- **Directions for this task**
Pictures should not appear in the copy; the records themselves must be written out exactly.
**** Data to process
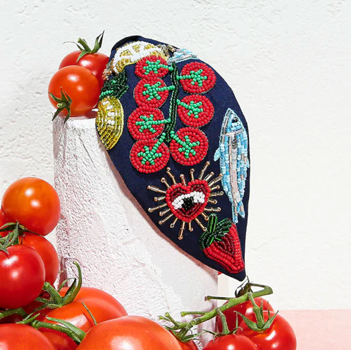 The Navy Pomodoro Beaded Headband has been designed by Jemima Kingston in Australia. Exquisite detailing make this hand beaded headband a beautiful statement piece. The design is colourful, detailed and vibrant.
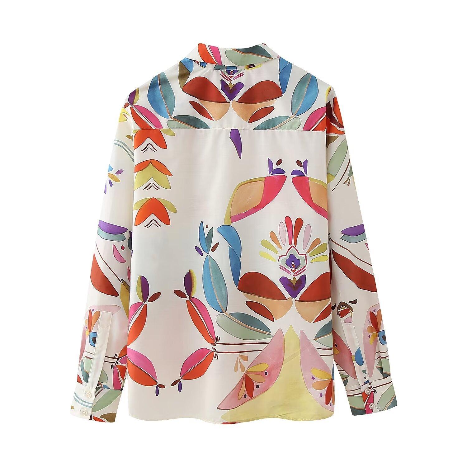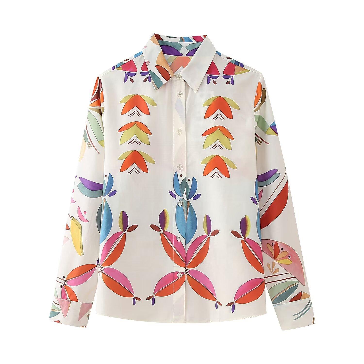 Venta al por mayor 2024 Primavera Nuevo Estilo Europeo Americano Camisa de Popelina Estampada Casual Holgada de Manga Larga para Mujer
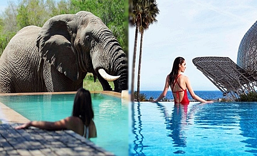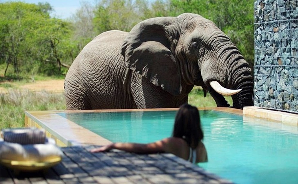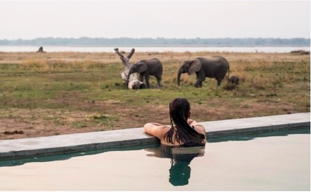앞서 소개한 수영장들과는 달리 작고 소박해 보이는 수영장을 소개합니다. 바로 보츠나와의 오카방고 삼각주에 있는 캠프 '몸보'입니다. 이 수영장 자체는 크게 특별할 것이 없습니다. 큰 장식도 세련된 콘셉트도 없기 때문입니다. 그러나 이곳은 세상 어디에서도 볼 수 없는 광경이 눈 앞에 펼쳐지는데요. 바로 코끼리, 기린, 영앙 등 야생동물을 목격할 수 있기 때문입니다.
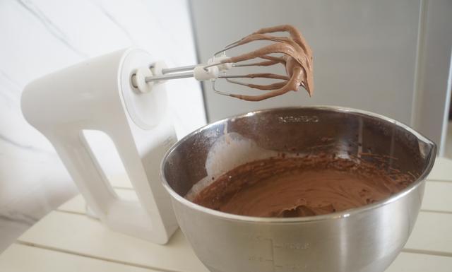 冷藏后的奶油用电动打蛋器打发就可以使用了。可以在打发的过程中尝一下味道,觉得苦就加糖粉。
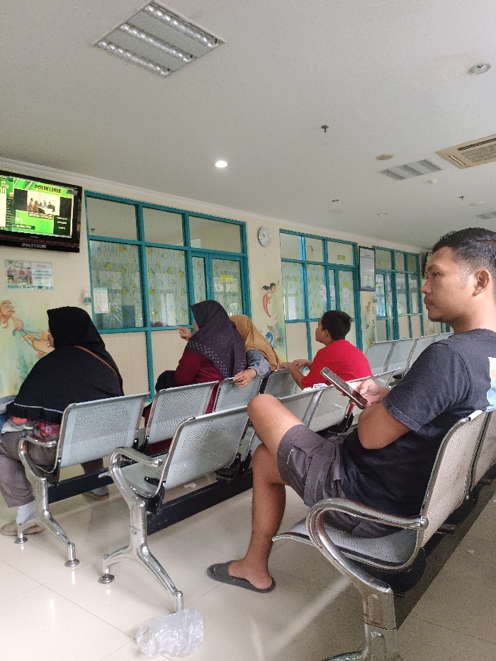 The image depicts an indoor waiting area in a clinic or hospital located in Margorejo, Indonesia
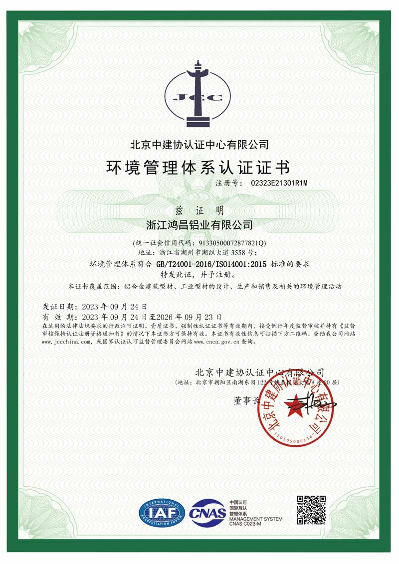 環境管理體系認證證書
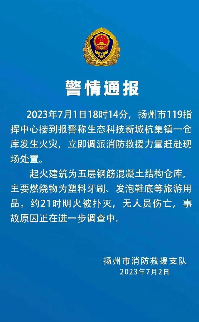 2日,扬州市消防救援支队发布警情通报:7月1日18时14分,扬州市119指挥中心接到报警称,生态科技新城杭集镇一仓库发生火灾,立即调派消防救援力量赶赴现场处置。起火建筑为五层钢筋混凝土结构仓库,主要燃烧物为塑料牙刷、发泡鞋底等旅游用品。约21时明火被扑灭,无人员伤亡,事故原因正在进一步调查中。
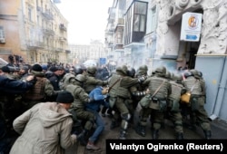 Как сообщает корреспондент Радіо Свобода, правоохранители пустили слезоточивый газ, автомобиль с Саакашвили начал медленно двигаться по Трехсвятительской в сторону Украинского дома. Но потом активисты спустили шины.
********
- **Solution to this problem**
 The Navy Pomodoro Beaded Headband has been designed by Jemima Kingston in Australia. Exquisite detailing make this hand beaded headband a beautiful statement piece. The design is colourful, detailed and vibrant.
 Venta al por mayor 2024 Primavera Nuevo Estilo Europeo Americano Camisa de Popelina Estampada Casual Holgada de Manga Larga para Mujer
앞서 소개한 수영장들과는 달리 작고 소박해 보이는 수영장을 소개합니다. 바로 보츠나와의 오카방고 삼각주에 있는 캠프 '몸보'입니다. 이 수영장 자체는 크게 특별할 것이 없습니다. 큰 장식도 세련된 콘셉트도 없기 때문입니다. 그러나 이곳은 세상 어디에서도 볼 수 없는 광경이 눈 앞에 펼쳐지는데요. 바로 코끼리, 기린, 영앙 등 야생동물을 목격할 수 있기 때문입니다.
 冷藏后的奶油用电动打蛋器打发就可以使用了。可以在打发的过程中尝一下味道,觉得苦就加糖粉。
 The image depicts an indoor waiting area in a clinic or hospital located in Margorejo, Indonesia
 環境管理體系認證證書
 2日,扬州市消防救援支队发布警情通报:7月1日18时14分,扬州市119指挥中心接到报警称,生态科技新城杭集镇一仓库发生火灾,立即调派消防救援力量赶赴现场处置。起火建筑为五层钢筋混凝土结构仓库,主要燃烧物为塑料牙刷、发泡鞋底等旅游用品。约21时明火被扑灭,无人员伤亡,事故原因正在进一步调查中。
 Как сообщает корреспондент Радіо Свобода, правоохранители пустили слезоточивый газ, автомобиль с Саакашвили начал медленно двигаться по Трехсвятительской в сторону Украинского дома. Но потом активисты спустили шины.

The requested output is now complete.